To see how life expectancy in different countries is distributed, let's create a histogram of life_expectancy
using plt.hist()
.
# Create histogram of life_expectancy data
plt.hist(life_expectancy)
# Display histogram
plt.show()
In the above code, we didn't specify the number of bins. By default, Python sets the number of bins to 10 in that case. The number of bins is pretty important.
- Too few bins will oversimplify reality and won't show you the details.
- Too many bins will overcomplicate reality and won't show the bigger picture.
To control the number of bins to divide your data in, you can set the bins
argument.
We'll create two plots specifying bins
.
- Build a histogram of
life_expectancy
, with 5 bins. Can you tell which bin contains the most observations?
# Build histogram with 5 bins
plt.hist(life_expectancy, bins=5)
# Show and clean up plot
plt.show()
- Build another histogram of
life_expectancy
, this time with 20 bins.
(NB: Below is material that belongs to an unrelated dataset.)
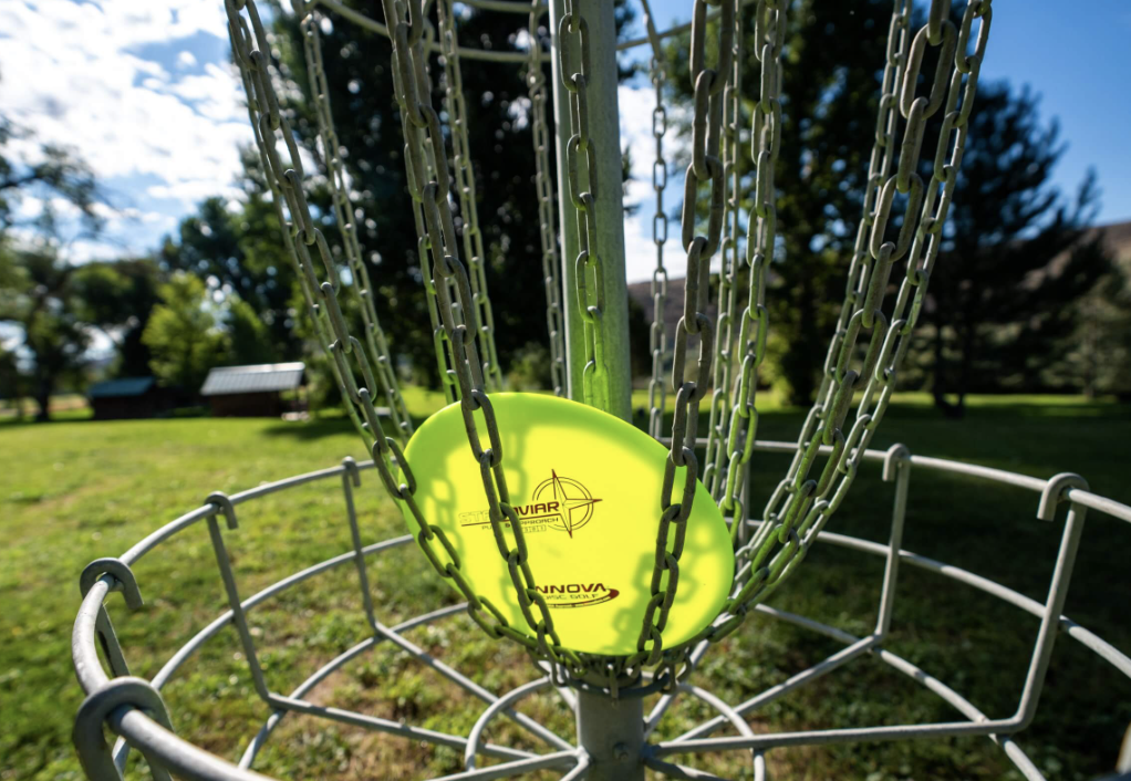 Instead of holes in the ground, disc golf uses above-ground targets, typically metal baskets with chains.

Is this better?
# Build histogram with 20 bins
plt.hist(life_expectancy, bins=20)
# Show and clean up again
plt.show()
Compare using histograms
Histograms are helpful in doing comparisons. life_expectancy
contains life expectancy data for different countries in 2020. life_expectancy_1960
, containing similar data for 1960. Let's make a histogram for both datasets.
- Build a histogram of
life_expectancy
with 15 bins. - Build a histogram of
life_expectancy_1960
, also with 15 bins.
and let's see is there any pattern?
life_expectancy_1960 = [32.446, 62.283, 46.141, 37.524, 61.968, 65.055, 65.972, 65.662, 70.81707317, 68.58560976, 61.034, 64.74, 51.869, 45.379, 64.472, 67.70809756, 69.70195122, 59.981, 37.271, 34.526, 41.82, 60.353, 49.179, 54.143, 54.81, 69.24756098, 34.432, 41.281, 48.461, 41.242, 41.785, 71.13317073, 36.249, 38.02, 57.219, 43.725, 57.269, 41.447, 41.098, 45.721, 60.381, 36.095, 64.60865854, 63.834, 69.618, 70.34878049, 72.17658537, 44.038, 51.602, 52.982, 48.042, 49.95, 36.535, 67.90290244, 43.572, 38.419, 60.811, 68.8197561, 69.86829268, 56.282, 39.694, 32.054, 63.651, 69.31002439, 45.843, 68.16390244, 62.231, 60.97, 46.702, 34.89, 37.478, 60.26, 41.762, 46.274, 66.96168293, 68.00317073, 73.42317073, 41.422, 46.664, 44.947, 48.022, 69.7965122, 69.12390244, 64.77, 67.66609756, 52.651, 58.36758537, 46.76, 47.061, 55.41553659, 59.343, 56.12807317, 43.204, 69.78682927, 63.267, 47.919, 34.264, 42.609, 69.84731707, 68.44639024, 64.828, 39.962, 36.672, 59.991, 37.343, 28.199, 69.4332439, 44.432, 58.74521951, 57.077, 54.513, 61.995, 48.392, 63.70560976, 48.458, 39.439, 42.381, 46.483, 35.583, 73.39268293, 58.63902439, 71.23658537, 46.998, 35.053, 36.976, 60.62280488, 73.5497561, 42.672, 45.299, 60.864, 38.935, 63.881, 48.012, 61.105, 67.6804878, 63.27290244, 68.71960976, 61.094, 65.64243902, 66.05529268, 42.616, 56.902, 50.378, 45.638, 38.223, 31.566, 65.65982927, 69.92365854, 68.97804878, 48.123, 36.976, 48.406, 69.10926829, 59.369, 56.739, 59.26, 48.194, 59.682, 73.00560976, 71.31341463, 50.613, 43.6, 54.701, 33.729, 40.297, 59.885, 62.222, 42.021, 45.369, 44.359, 68.29953659, 51.537, 71.12682927, 69.77073171, 67.783, 58.835, 48.975, 59.039, 66.22485366, 29.919, 46.687, 53.019]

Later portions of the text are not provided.